| WORK REQUIRED |
Could you copy exactly the line that contains "The insulated jacket" and every line after it to the end of the records, and nothing more?

(Items from a data source)
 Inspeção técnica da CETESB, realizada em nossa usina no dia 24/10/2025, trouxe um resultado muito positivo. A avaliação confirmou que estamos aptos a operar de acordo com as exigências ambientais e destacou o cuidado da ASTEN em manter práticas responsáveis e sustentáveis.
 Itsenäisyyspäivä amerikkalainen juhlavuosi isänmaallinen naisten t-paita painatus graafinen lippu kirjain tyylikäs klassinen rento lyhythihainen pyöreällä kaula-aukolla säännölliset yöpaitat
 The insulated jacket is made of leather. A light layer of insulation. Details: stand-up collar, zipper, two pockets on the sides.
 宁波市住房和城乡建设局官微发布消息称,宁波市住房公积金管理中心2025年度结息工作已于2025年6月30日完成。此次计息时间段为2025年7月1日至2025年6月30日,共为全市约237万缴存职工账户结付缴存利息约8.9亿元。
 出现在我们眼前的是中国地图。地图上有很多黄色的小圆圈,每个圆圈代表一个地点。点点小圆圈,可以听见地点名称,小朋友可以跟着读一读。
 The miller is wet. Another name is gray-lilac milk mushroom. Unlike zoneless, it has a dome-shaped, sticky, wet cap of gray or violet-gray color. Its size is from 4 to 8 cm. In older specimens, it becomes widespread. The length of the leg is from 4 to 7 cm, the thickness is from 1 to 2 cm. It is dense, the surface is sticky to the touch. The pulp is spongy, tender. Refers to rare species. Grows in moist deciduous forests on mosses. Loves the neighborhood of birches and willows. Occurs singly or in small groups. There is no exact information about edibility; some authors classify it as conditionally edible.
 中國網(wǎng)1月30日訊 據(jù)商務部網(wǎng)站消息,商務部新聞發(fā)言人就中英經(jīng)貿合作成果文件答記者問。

| WRITTEN ANSWER |
 The insulated jacket is made of leather. A light layer of insulation. Details: stand-up collar, zipper, two pockets on the sides.
 宁波市住房和城乡建设局官微发布消息称,宁波市住房公积金管理中心2025年度结息工作已于2025年6月30日完成。此次计息时间段为2025年7月1日至2025年6月30日,共为全市约237万缴存职工账户结付缴存利息约8.9亿元。
 出现在我们眼前的是中国地图。地图上有很多黄色的小圆圈,每个圆圈代表一个地点。点点小圆圈,可以听见地点名称,小朋友可以跟着读一读。
 The miller is wet. Another name is gray-lilac milk mushroom. Unlike zoneless, it has a dome-shaped, sticky, wet cap of gray or violet-gray color. Its size is from 4 to 8 cm. In older specimens, it becomes widespread. The length of the leg is from 4 to 7 cm, the thickness is from 1 to 2 cm. It is dense, the surface is sticky to the touch. The pulp is spongy, tender. Refers to rare species. Grows in moist deciduous forests on mosses. Loves the neighborhood of birches and willows. Occurs singly or in small groups. There is no exact information about edibility; some authors classify it as conditionally edible.
 中國網(wǎng)1月30日訊 據(jù)商務部網(wǎng)站消息,商務部新聞發(fā)言人就中英經(jīng)貿合作成果文件答記者問。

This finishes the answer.